What Koreans can teach Americans and Europeans on cracking India's auto market

Now, as Ford folds up its India dreams, due to an unviable market and its own financial troubles, India’s automobile story is only looking brighter than ever before. According to government think-tank Niti Aayog, only 22 people out of a thousand own a car, as opposed to 980 and 850 per 1,000 in the US and the UK respectively, which means the market is still under-penetrated.

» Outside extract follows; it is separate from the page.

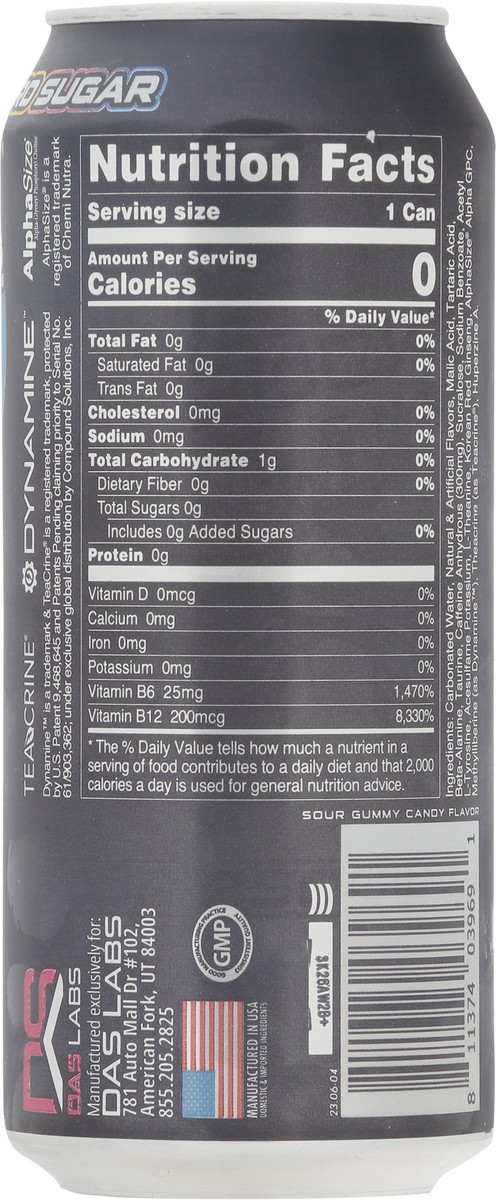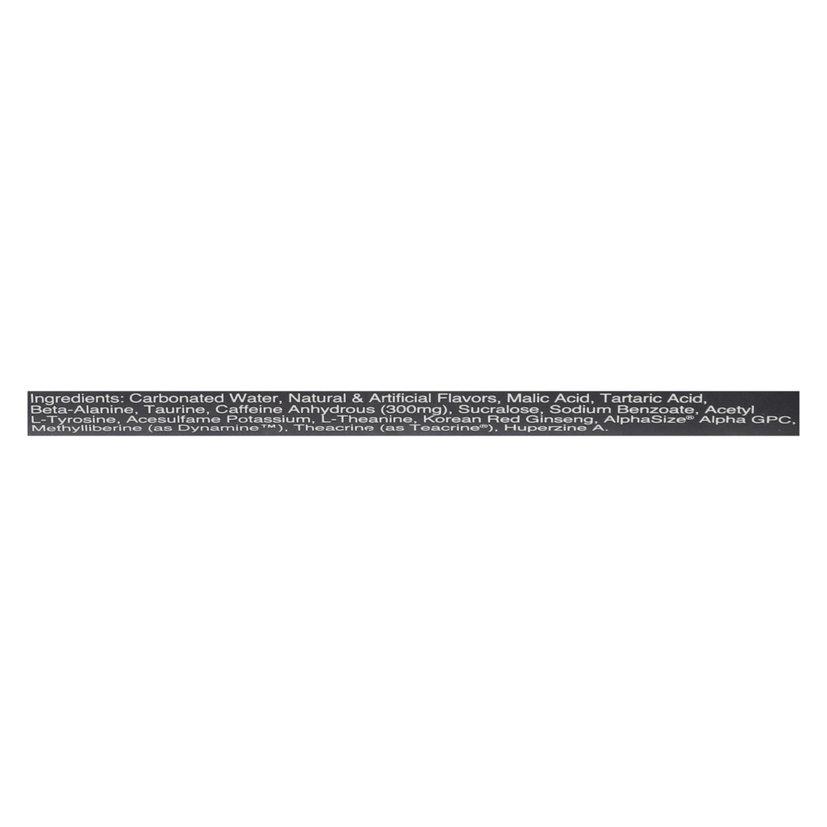Carbonated Water, Natural & Artificial Flavors, Malic Acid, Tartaric Acid, Beta-Alanine, Taurine, Caffeine Anhydrous (300mg), Sucralose, Sodium Benzoate, Acetyl L-Tyrosine, Acesulfame Potassium, L-Theā¦
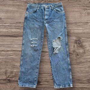 Rustler Men’s Distressed Blue Jeans Preowned Size 34x29 Straight Fit

India’s automobile industry is expected to grow at 12.7 percent annually between 2019 and 2026, to reach $512 billion by 2026, according to consultancy firm Grant Thornton. “Rising middle-class and young populations, coupled with increasing disposable incomes and urbanisation is driving the growth of new vehicles sales in India,” says a recent report by Grant Thornton. Alongside, there is also a push towards greener mobility, with even Tesla looking at bringing its vehicles to India soon.

“What we must also realise is that it's not just in India that Hyundai has taken on the giants,” Piparsania says. “Even in Europe and the US, Hyundai has become a force to reckon with. There is a lot that the company has to teach global automakers.”